美文网首页工作生活
Spark 源码分析(五): Executor 启动

Spark 源码分析(五): Executor 启动

作者: stone_zhu | 来源:发表于2019-07-02 21:35 被阅读0次

    上一篇已经将 Application 注册到了 master 上了,在 master 收到注册消息后会进行一系列操作,最后调用 schedule 方法。

    这个 schedule 方法会去做两件事,一件事是给等待调度的 driver 分配资源,另一件事是给等待调度的 application 去分配资源启动 Executor。

    给 application 分配资源启动 Executor 的代码最终会调用一个方法:launchExecutor(是 Master 中的代码)。

    在 lauchExecutor 方法中会先向 worker 发送 lauchExecutor 消息,然后会向 driver 发送 executor 已经启动的消息。

    private def launchExecutor(worker: WorkerInfo, exec: ExecutorDesc): Unit = {
        logInfo("Launching executor " + exec.fullId + " on worker " + worker.id)
        worker.addExecutor(exec)
        // 向 worker 发送 LaunchExecutor 消息
        worker.endpoint.send(LaunchExecutor(masterUrl,
          exec.application.id, exec.id, exec.application.desc, exec.cores, exec.memory))
         // 向 driver 发送 ExecutorAdded 的消息
        exec.application.driver.send(
          ExecutorAdded(exec.id, worker.id, worker.hostPort, exec.cores, exec.memory))
      }
    

    下面看 worker 端收到 launchExecutor 消息后是怎么处理的。

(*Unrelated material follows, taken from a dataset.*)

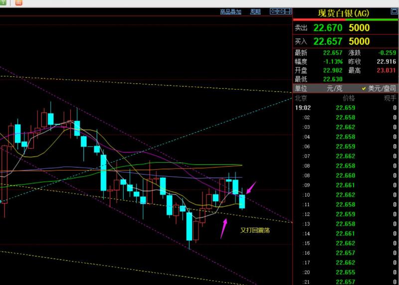 第二,白银方面:22.9-23再度支撑,凌晨前先拉升至23.27,承压23.3下回落,符合震荡;
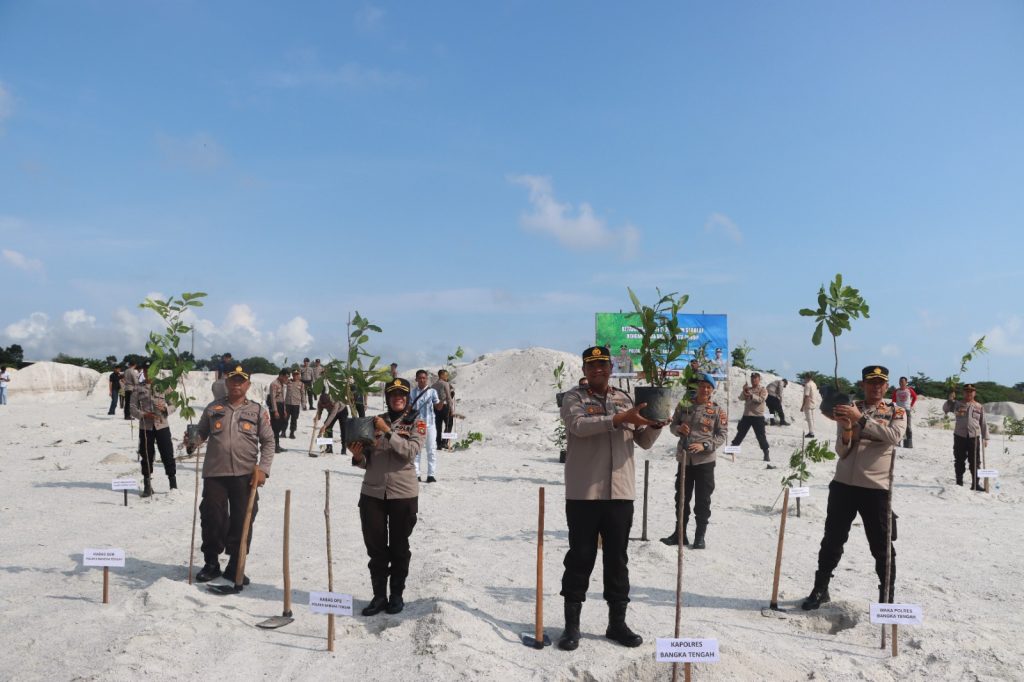 Kapolres Bersama Personil Polres Bangka Tengah Saat Melakukan Penanaman Pohon bersama. BANGKA TENGAH, Berliannews.id – Dalam upaya mendukung pelestarian lingkungan

    同样的在 receive 的模式匹配中找到该消息的匹配,可以看到做了这些事情:

    1,先判断发消息的 master 是否是 alive 状态,如果是才会继续执行;

    2,创建 executor 的工作目录和本地临时目录;

    3,将 master 发来的消息封装为 ExecutorRunner 对象,然后调用其 start 方法启动线程;

    4,向 master 发送消息,告诉当前 executor 的状态;

    // 模式匹配,是 LaunchExecutor 消息
    case LaunchExecutor(masterUrl, appId, execId, appDesc, cores_, memory_) =>
            // 如果发送消息的 master 不是 active 的则不执行    
            if (masterUrl != activeMasterUrl) {
            logWarning("Invalid Master (" + masterUrl + ") attempted to launch executor.")
          } else {
            try {
              logInfo("Asked to launch executor %s/%d for %s".format(appId, execId, appDesc.name))
    
              // 创建 executor 的工作目录
              val executorDir = new File(workDir, appId + "/" + execId)
              if (!executorDir.mkdirs()) {
                throw new IOException("Failed to create directory " + executorDir)
              }
    
              // 通过 SPARK_EXECUTOR_DIRS 环境变量配置创建 Executor 的本地目录
              // Worker 会在当前 application 执行结束后删除这个目录
              val appLocalDirs = appDirectories.getOrElse(appId,
                Utils.getOrCreateLocalRootDirs(conf).map { dir =>
                  val appDir = Utils.createDirectory(dir, namePrefix = "executor")
                  Utils.chmod700(appDir)
                  appDir.getAbsolutePath()
                }.toSeq)
              appDirectories(appId) = appLocalDirs
              // 将接收到的 application 中 Executor 的相关信息封装为一个 ExecutorRunner 对象
              val manager = new ExecutorRunner(
                appId,
                execId,
                appDesc.copy(command = Worker.maybeUpdateSSLSettings(appDesc.command, conf)),
                cores_,
                memory_,
                self,
                workerId,
                host,
                webUi.boundPort,
                publicAddress,
                sparkHome,
                executorDir,
                workerUri,
                conf,
                appLocalDirs, ExecutorState.RUNNING)
              executors(appId + "/" + execId) = manager
              // 启动这个线程
              manager.start()
              // 更新 worker 的资源利用情况
              coresUsed += cores_
              memoryUsed += memory_
              // 给 master 回复消息
              sendToMaster(ExecutorStateChanged(appId, execId, manager.state, None, None))
            } catch {
              case e: Exception =>
                logError(s"Failed to launch executor $appId/$execId for ${appDesc.name}.", e)
                if (executors.contains(appId + "/" + execId)) {
                  executors(appId + "/" + execId).kill()
                  executors -= appId + "/" + execId
                }
                sendToMaster(ExecutorStateChanged(appId, execId, ExecutorState.FAILED,
                  Some(e.toString), None))
            }
          }
    

    这里主要看 ExecutorRunner 调用 start 之后做了什么。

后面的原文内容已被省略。